In support of the Arab League’s 2002 peace initiative, which calls for a two-state solution based on the 1967 borders, the women emphasized the need to avoid interim agreements and short insignificant stages, but instead address the more difficult questions first.  The very nature of the current peace settlement model ensures that once the easy problems are solved, the hard ones are left to more, usually futile negotiations, thus stalling the entire process.

"One keeps coming up with interim agreements and phases and stages, and what happens, of course, in the interim is that those who are trying to torpedo an agreement have all the possibility of acting," Israeli professor Galia Golan said.

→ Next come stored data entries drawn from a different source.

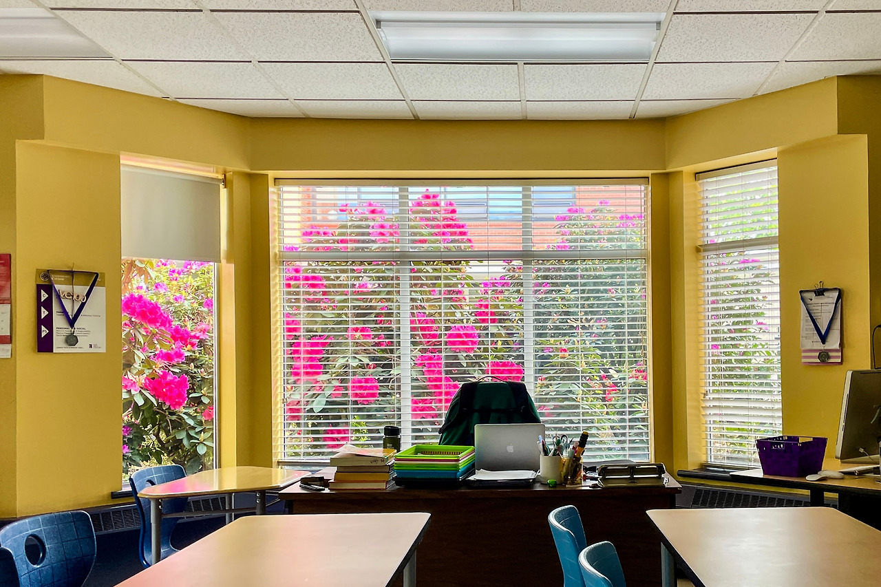 학년말에 가까워지며 몸도 마음도 많이 지치는 매년 이맘때, 교실 앞 화단에 만개한 진달래들이 아름답습니다. 아침 출근 시 교실 문을 열 때마다 반겨주는 이 광경이 감사합니다. 억만장자 일론 머스크의 사무실도 이렇게 예쁘지는 않을 것 같습니다. 자세를 고쳐 앉을 때마다 삐그덕 거리는 오래된 교사 의자가 편안합니다. 10년 넘게 앉았더니 엉덩이 닿는 부위가 맞춤 제작한 메모리폼처럼 딱 맞습니다.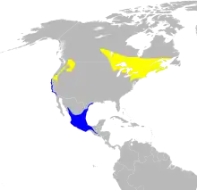 Nashville warblers breed in two distinct areas, one in Canada and the northeastern United States, and another in the western United States. The northeastern part of its range extends from Côte-Nord and Cape Breton Island in eastern Canada to central Alberta. For the most part, it only breeds between about 52 and 45.5 degrees north, but it is also found less commonly in the Appalachians of Pennsylvania and West Virginia. Although named after Nashville, Tennessee, the Nashville warbler only visits that area during migration. They migrate to southernmost Texas and California, mid-Mexico, and the northernmost parts of Central America (Guatemala and El Salvador) in winter. In their breeding range, they prefer open mixed woods and bog habitats.[8]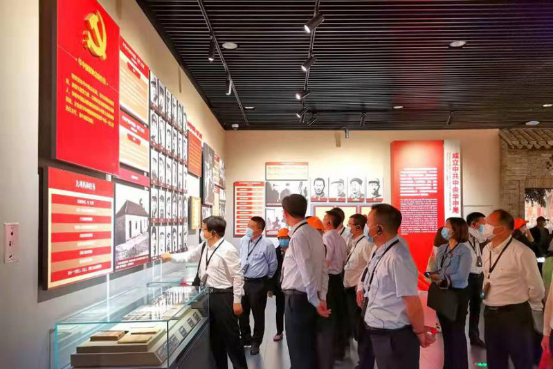 探寻场外红色资源。公司党委利用临近的红色资源开展实景学习。滨海县正红镇学习“五卅运动”精神,中心组成员到盐城新四军纪念馆学习“铁军精神”,党员骨干赴贵州学习“遵义会议精神”,学教办到陕西延安学习“南泥湾精神”;组织250多名党员、管理人员赴南京参观“百年征程 初心永恒”中国共产党江苏历史展;开展“跟着习近平总书记在江苏的足迹学党史”活动,学习贯彻总书记视察江苏重要讲话指示精神。通过访学红色资源,缅怀革命先烈、追寻先辈足迹,学习中国共产党人系列精神,推动党史学习教育走深走实。挖掘场内红色资源。利用临海农场陈列馆、临海农场公园暨党史、新中国史教育基地、爱国主义教育基地等红色教育阵地,建红色文化“现场”课堂,每周“红色电影”放映活动,丰富学习教育。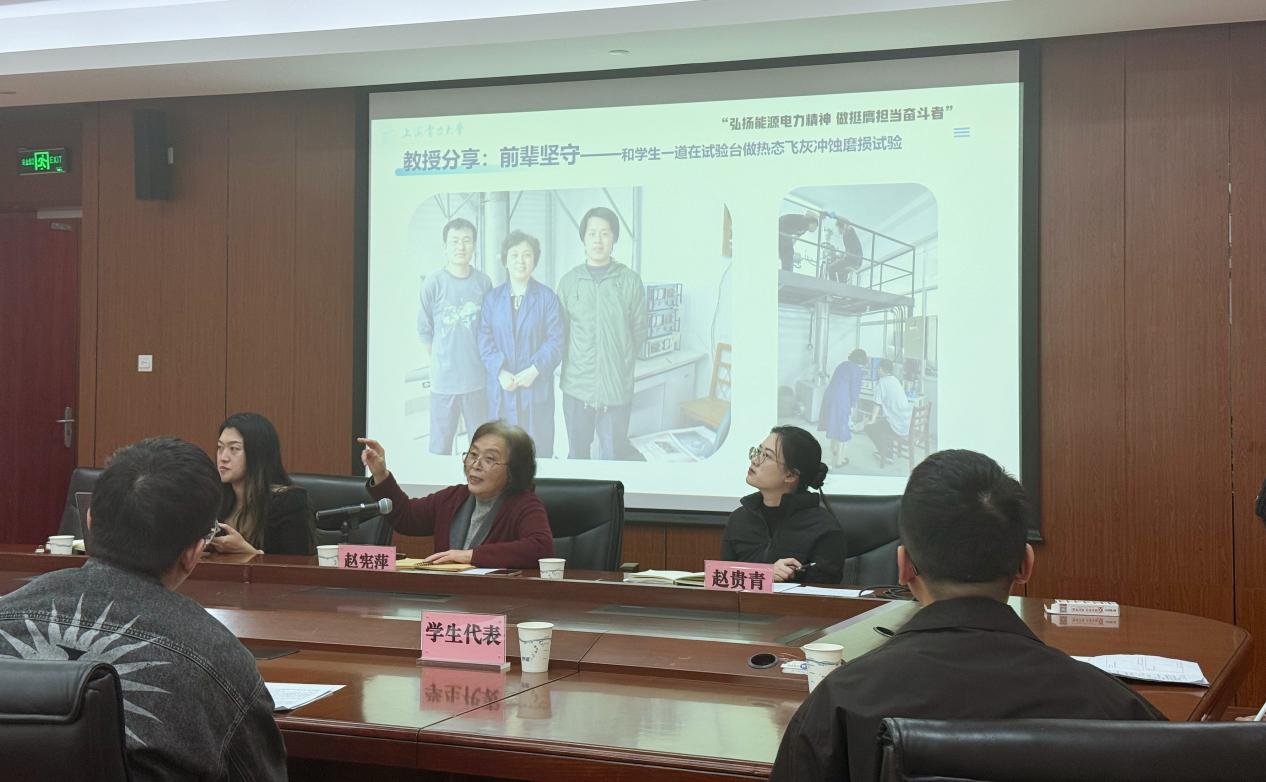 分享环节,赵宪萍教授结合数十载教学科研经历,以“坚守初心、深耕不辍”为主线展开分享。她回顾从电力设计院到高校的职业历程,重点讲述搭建热态飞灰冲蚀磨损试验台的两年攻坚经历——从设计选型到调试运行,全程严控细节;面对跨学科难题时,积极联动化学、自动化、金属材料等领域师生协同突破。结合审稿经历,她叮嘱同学们尊重原创、严谨引用,保持对学术真理的敬畏。她寄语学生“研究生阶段要扎实功底、锤炼思维,在传承中创新。”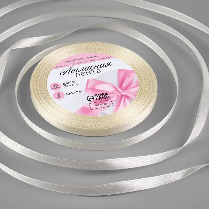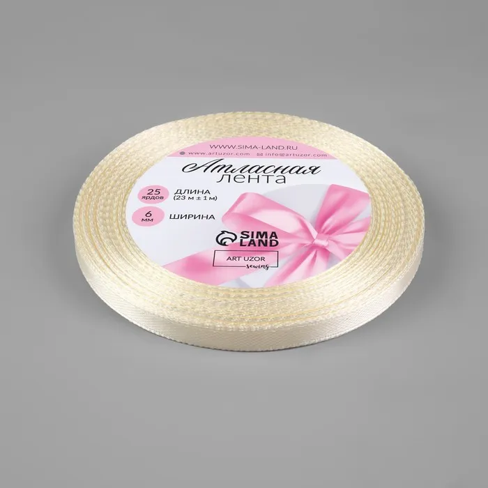 Лента атласная, 6 мм × 23 ± 1 м, цвет сливочный №02 — Характеристики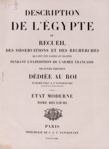 Description de l'Égypte ou Recueil des observations et des recherches qui ont été faites en Égypte pendant l'expédition de l'Armée française. [Planches]. État moderne. T. 2. / Publiée par C.L.F. Panckoucke. - 2e éd.- Paris : Imprimerie de C.L.F. Panckoucke, 1823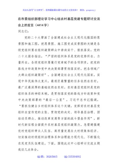 / 在市委组织部理论学习中心组农村基层党建专题研讨交流会上的发言(4414字)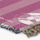 Purple striped pattern featuring Santa Claus and the silver bell, featuring the phrases "Believe", "The first gift of Christmas", and "The bell rings for me".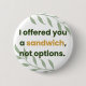 Add a slice of sass to your laptop, water bottle, journal, or wherever you want with this bold and witty vinyl sticker! Featuring the hilarious phrase “I offered you a sandwich, not options,” this sticker is perfect for anyone who loves straightforward humor with a side of sarcasm.

And for this reason they maintain that the issue of boundaries, a shared Jerusalem capital and the question of refugees must be dealt with first. 

Hanan Ashrawi, a member of IWC and the Palestinian Legislative Council, is positive about the fact that Israel accepted an expanded international force in Lebanon, perhaps an indication that Israel will accept more international participation in the peace process.

However, in complete opposition to the Arab peace initiative and similarly to IWC’s goals, Israeli Foreign Minister Tzipi Livni’s statement on Wednesday that the “Two-state solution does not mean withdrawing to the borders of 1967,” could likely lead to disappointing results.

But IWC members are taking advantage of the serious discussions taking place about the war in Lebanon, expecting that they will lead to renewed negotiations on the Palestinian-Israeli conflict. The war in Lebanon brought a conflict, perceived to be somewhat insignificant and narrow, to the world stage because it threatened to destabilize the whole region.

The commission was formed in 2005 to redirect world attention to UN resolution 1325, which encourages women to participate in conflict resolution in the Middle East.  Its members are all women and include Israeli and Palestinian officials and other leaders from around the world.

IWC members define women as having a different approach to conflict, that they are more concerned with food and shelter and human rights issues then military solutions.

Ashrawi said that, as women, the members of the commission bring an awareness of "human value" to the thinking on peace.  She added, “This is not an exercise in virtuosity or power.  This is not a process for its own sake…. We’re dealing with our lives.”